* **Available data**

########

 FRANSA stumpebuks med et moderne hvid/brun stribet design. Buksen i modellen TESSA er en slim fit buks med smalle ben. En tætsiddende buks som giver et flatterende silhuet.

########

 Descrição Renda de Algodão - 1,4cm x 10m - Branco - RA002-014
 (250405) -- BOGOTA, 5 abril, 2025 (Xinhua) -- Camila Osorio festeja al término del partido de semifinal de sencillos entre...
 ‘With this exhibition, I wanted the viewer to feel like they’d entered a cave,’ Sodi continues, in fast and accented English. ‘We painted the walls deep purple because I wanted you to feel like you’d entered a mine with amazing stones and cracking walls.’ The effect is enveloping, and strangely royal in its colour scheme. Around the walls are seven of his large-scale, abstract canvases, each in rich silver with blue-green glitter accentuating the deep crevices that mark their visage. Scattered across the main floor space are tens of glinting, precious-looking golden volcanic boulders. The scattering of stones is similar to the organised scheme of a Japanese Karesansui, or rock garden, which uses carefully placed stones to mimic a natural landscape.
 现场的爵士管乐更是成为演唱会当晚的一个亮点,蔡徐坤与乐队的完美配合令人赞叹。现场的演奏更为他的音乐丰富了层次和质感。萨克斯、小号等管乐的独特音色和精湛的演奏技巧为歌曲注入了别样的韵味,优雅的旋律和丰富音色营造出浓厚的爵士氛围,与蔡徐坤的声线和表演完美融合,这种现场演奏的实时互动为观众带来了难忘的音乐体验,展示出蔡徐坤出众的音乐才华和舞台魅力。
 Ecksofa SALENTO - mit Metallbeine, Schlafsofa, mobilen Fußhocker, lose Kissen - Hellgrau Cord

########

Lines wanted from the listing above: the line with "(250405) -- BOGOTA, 5" up to and including the line with "Ecksofa SALENTO - mit". Please write them out exactly, adding nothing else.

 (250405) -- BOGOTA, 5 abril, 2025 (Xinhua) -- Camila Osorio festeja al término del partido de semifinal de sencillos entre...
 ‘With this exhibition, I wanted the viewer to feel like they’d entered a cave,’ Sodi continues, in fast and accented English. ‘We painted the walls deep purple because I wanted you to feel like you’d entered a mine with amazing stones and cracking walls.’ The effect is enveloping, and strangely royal in its colour scheme. Around the walls are seven of his large-scale, abstract canvases, each in rich silver with blue-green glitter accentuating the deep crevices that mark their visage. Scattered across the main floor space are tens of glinting, precious-looking golden volcanic boulders. The scattering of stones is similar to the organised scheme of a Japanese Karesansui, or rock garden, which uses carefully placed stones to mimic a natural landscape.
 现场的爵士管乐更是成为演唱会当晚的一个亮点,蔡徐坤与乐队的完美配合令人赞叹。现场的演奏更为他的音乐丰富了层次和质感。萨克斯、小号等管乐的独特音色和精湛的演奏技巧为歌曲注入了别样的韵味,优雅的旋律和丰富音色营造出浓厚的爵士氛围,与蔡徐坤的声线和表演完美融合,这种现场演奏的实时互动为观众带来了难忘的音乐体验,展示出蔡徐坤出众的音乐才华和舞台魅力。
 Ecksofa SALENTO - mit Metallbeine, Schlafsofa, mobilen Fußhocker, lose Kissen - Hellgrau Cord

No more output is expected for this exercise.